How do you factor completely $2{{x}^{2}}-18$?

Answer 1

Hint: In this problem we need to calculate the factors of the given equation. We can observe that the given equation is a quadratic equation in terms of $x$with the middle term or the $x$ term is zero. So, we will first make the coefficient of ${{x}^{2}}$ as $1$ by taking $2$. Now we will get an equation like ${{a}^{2}}-{{b}^{2}}$. Here we will apply the known algebraic formula which is ${{a}^{2}}-{{b}^{2}}=\left( a+b \right)\left( a-b \right)$ and simplify the equation to get the required result.

Complete step by step solution:
Given equation, $2{{x}^{2}}-18$.
We can observe that the above equation is a quadratic equation which is in terms of $x$ and the middle term or the $x$ term is zero in the above equation.
Taking $2$ as common from the above equation, then we will get
$\Rightarrow 2{{x}^{2}}-18=2\left( {{x}^{2}}-9 \right)$
We can write the value $9$ as ${{3}^{2}}$, then the above equation is modified as
$\Rightarrow 2{{x}^{2}}-18=2\left( {{x}^{2}}-{{3}^{2}} \right)$
In the above equation we can observe the algebraic form ${{a}^{2}}-{{b}^{2}}$. In algebra we have the formula ${{a}^{2}}-{{b}^{2}}=\left( a+b \right)\left( a-b \right)$. Applying this formula in the above equation, then we will get
$\Rightarrow 2{{x}^{2}}-18=2\left( x+3 \right)\left( x-3 \right)$
Hence the factors of the given equation $2{{x}^{2}}-18$ are $2$, $x+3$, $x-3$.

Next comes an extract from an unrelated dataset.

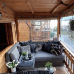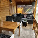 • Zeer ruime veranda ( 8 x 2 meter) met zithoek en tafel en stoelen. De veranda is afsluitbaar met kunststof zeil zodat je ook in het voor en – najaar of als het iets frisser is heerlijk buiten kunt zitten.

Note: In this problem we don’t have the middle term or $x$ term in the given quadratic equation so we have simplified factored by applying some arithmetic and algebraic formulas. If there is a middle term or $x$ term in the given quadratic equation, then we need to follow the factorization method which is splitting the middle term by considering the remaining coefficients in the equation.